What you have to do
Pictures aside, return every line below exactly as written.
--- Data under study Enclosed Below ---
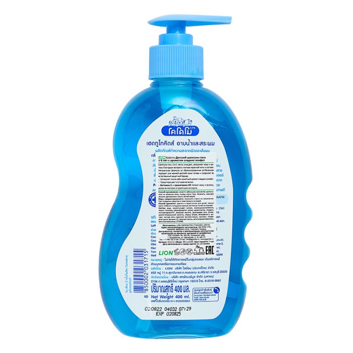 Шампунь-гель Lion Kodomo для детей с 6 лет с ароматом сладких конфет. Содержит экстракт листьев перечной мяты, который обладает свойством уменьшать накопление бактерий.
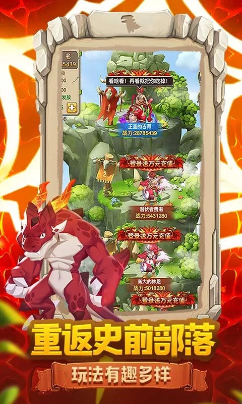 《疯狂酋长》正版授权原始题材回合制手游,携万元充值壕礼福利来袭! 开局升级送1000元福利,登录再送万元充值,免费升级满级VIP,全新超爆福利助力少年探险原始时代!各个伙伴自由召集,在原始部落之间,为了争夺资源领地,进行征战。萌宠集结,游戏内可驯服百种动物,点击方寸之间打造最强战队,一起踏上未知而精彩的冒险旅程。策略、建造、捉宠、驯服、宠物打书、竞技PK等玩法应有尽有,进入游戏即可一起畅爽神秘冰川世界。
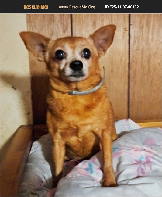 Ruby is a 9 year old female, spayed, weighing 8 lbs. She is house trained and potty pad trained. She was briefly rehomed a couple years ago to 'animal lovers' who had a teenage son who abused her; he was overheard to brag, 'I threw that little rat in the kennel and slammed the door in her face!' She returned to me traumatized, retreating to a corner of the room, trembling and fearful. Vet exam later showed that her sensitive tail was a result of a recently healed break. Ruby is not your average chihuahua, and only barks like a mad dog when she hears the big dogs outside trash talking coyotes in the distance. She is not aggressive and has never growled or snapped at a human. Ruby needs a home where she can be a beloved lap dog. She loves to sleep on a bed with her human, burrowing under the covers in the wintertime, but will sleep on a dog bed in your room if you are not a dog-in-the-bed type of human. She has been kennel trained, but may still be a little nervous about kenneling after her experience at a former home. You can meet Ruby in Lynchburg, Tennessee or I may be able to deliver within a 3 hour drive. Applicants with vet references are preferred.
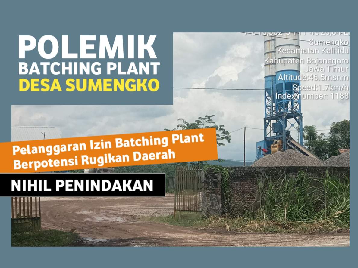 Bojonegoro, Lingkaralam.com — Dugaan operasional pabrik batching plant tanpa izin lengkap di Desa Sumengko, Kecamatan Kalitidu, tidak hanya menimbulkan persoalan kepatuhan hukum, tetapi juga berpotensi merugikan keuangan daerah akibat hilangnya penerimaan pajak dan retribusi yang seharusnya masuk ke kas Pemerintah Kabupaten Bojonegoro.
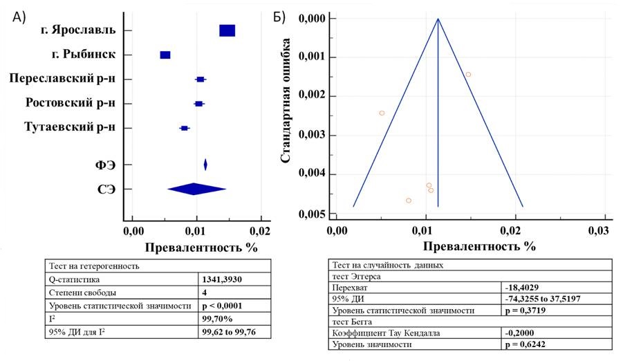 Fig. 1. Forest plot (А) and funnel plot (B) of parameters of groups included in the study, on the basis of the data of the state medical organizations of Yaroslavl. Notes: CI — confidence interval, RE — random effect, FE — fixed effect.
--- End of Enclosed Data under study ---
Solution to the problem
 Шампунь-гель Lion Kodomo для детей с 6 лет с ароматом сладких конфет. Содержит экстракт листьев перечной мяты, который обладает свойством уменьшать накопление бактерий.
 《疯狂酋长》正版授权原始题材回合制手游,携万元充值壕礼福利来袭! 开局升级送1000元福利,登录再送万元充值,免费升级满级VIP,全新超爆福利助力少年探险原始时代!各个伙伴自由召集,在原始部落之间,为了争夺资源领地,进行征战。萌宠集结,游戏内可驯服百种动物,点击方寸之间打造最强战队,一起踏上未知而精彩的冒险旅程。策略、建造、捉宠、驯服、宠物打书、竞技PK等玩法应有尽有,进入游戏即可一起畅爽神秘冰川世界。
 Ruby is a 9 year old female, spayed, weighing 8 lbs. She is house trained and potty pad trained. She was briefly rehomed a couple years ago to 'animal lovers' who had a teenage son who abused her; he was overheard to brag, 'I threw that little rat in the kennel and slammed the door in her face!' She returned to me traumatized, retreating to a corner of the room, trembling and fearful. Vet exam later showed that her sensitive tail was a result of a recently healed break. Ruby is not your average chihuahua, and only barks like a mad dog when she hears the big dogs outside trash talking coyotes in the distance. She is not aggressive and has never growled or snapped at a human. Ruby needs a home where she can be a beloved lap dog. She loves to sleep on a bed with her human, burrowing under the covers in the wintertime, but will sleep on a dog bed in your room if you are not a dog-in-the-bed type of human. She has been kennel trained, but may still be a little nervous about kenneling after her experience at a former home. You can meet Ruby in Lynchburg, Tennessee or I may be able to deliver within a 3 hour drive. Applicants with vet references are preferred.
 Bojonegoro, Lingkaralam.com — Dugaan operasional pabrik batching plant tanpa izin lengkap di Desa Sumengko, Kecamatan Kalitidu, tidak hanya menimbulkan persoalan kepatuhan hukum, tetapi juga berpotensi merugikan keuangan daerah akibat hilangnya penerimaan pajak dan retribusi yang seharusnya masuk ke kas Pemerintah Kabupaten Bojonegoro.
 Fig. 1. Forest plot (А) and funnel plot (B) of parameters of groups included in the study, on the basis of the data of the state medical organizations of Yaroslavl. Notes: CI — confidence interval, RE — random effect, FE — fixed effect.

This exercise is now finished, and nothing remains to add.